Text-to-App

Jan 4, 2026

Looped and recursive LLMs, plus a memory IPO and a TypeScript Torch

🧩 The Gist

Two new arXiv papers push different paths to stronger reasoning and long‑context handling. One builds iterative reasoning into pretraining with looped latent computation, the other treats long inputs as an external environment and lets the model recurse over snippets. A small educational project recreates core ML components in TypeScript, signaling continued grassroots tooling. On the hardware side, a major Chinese DRAM maker is pursuing an IPO to fund capacity and next‑gen memory, underscoring how compute and memory supply sit behind AI advances.

🚀 Key Highlights

  • Ouro, a family of Looped Language Models, integrates reasoning during pretraining through iterative latent computation, an entropy‑regularized objective for learned depth, and scaling to 7.7T tokens. The 1.4B and 2.6B models match results reported for models up to 12B parameters across a wide range of benchmarks. The authors attribute gains to superior knowledge manipulation rather than capacity, and report reasoning traces that align more closely with final outputs than chain of thought.
  • Recursive Language Models propose an inference strategy that programmatically examines, decomposes, and recursively calls the model over snippets of long prompts. The approach handles inputs up to two orders of magnitude beyond context windows and outperforms base models and common long‑context scaffolds on four tasks, with comparable or lower cost per query.
  • Torch.ts reimplements core PyTorch‑style pieces in TypeScript as a learning project. It is currently a tensor manipulation library with an autograd engine planned, and documents hands‑on work with strides and manual matmul outside NumPy.
  • Chinese DRAM maker CXMT filed for a STAR Market IPO to upgrade manufacturing and advance next‑generation memory technologies.

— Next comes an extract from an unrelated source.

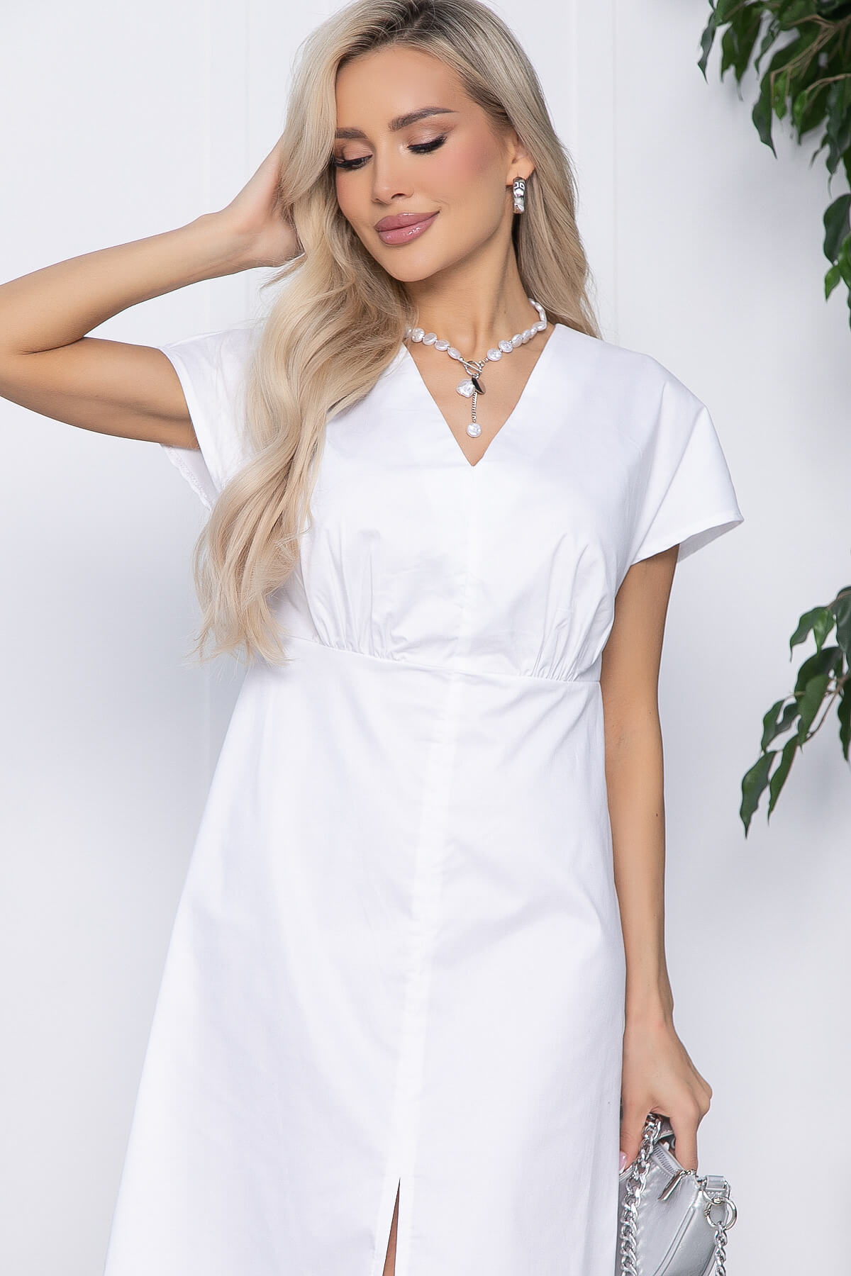 Представляем вашему вниманию изысканное белое платье, которое станет незаменимым элементом вашего гардероба! Благодаря универсальному белому цвету, это платье легко сочетается с любой обувью и аксессуарами. Дизайн платья включает в себя удлинённое плечо и безрукавный фасон, что придаёт ему утончённый вид. Сзади расположена потайная молния, которая обеспечивает удобство при надевании. V-образный вырез горловины и юбка-трапеция с разрезом спереди добавляют нотку изысканности и стиля.

The linked page presents inconsistent raise figures, the headline cites USD 4.2B while the page description cites CNY 295B, about USD 42.2B, both framed as funding to strengthen China’s memory supply chain.

🎯 Strategic Takeaways

  • Model design and scaling
    • Baking iterative reasoning into pretraining suggests an alternative to relying on explicit chain of thought, with smaller models matching larger baselines on reported benchmarks.
    • Emphasis on knowledge manipulation over raw capacity points to new levers for performance without proportional parameter growth.
  • Inference‑time orchestration
    • Treating long inputs as an environment and enabling recursive self‑calls can extend usable context far beyond native windows while keeping costs comparable, a practical path for long‑document and code tasks.
  • Infrastructure and supply chain
    • Planned DRAM investment highlights memory as a gating factor for AI workloads, and continued build‑out of next‑gen memory aims to support training and inference capacity.
  • Developer tooling and education
    • Lightweight reimplementations like Torch.ts help demystify tensors, strides, and autograd, and broaden ML experimentation in the TypeScript ecosystem.

🧠 Worth Reading

  • Scaling Latent Reasoning via Looped Language Models: Introduces LoopLM, which trains models to perform iterative computation in latent space with an entropy‑regularized objective and learned depth. Reported results show smaller models matching larger baselines across benchmarks and producing reasoning traces that better align with final answers, a practical signal that pretraining for reasoning can reduce reliance on verbose inference‑time scaffolds.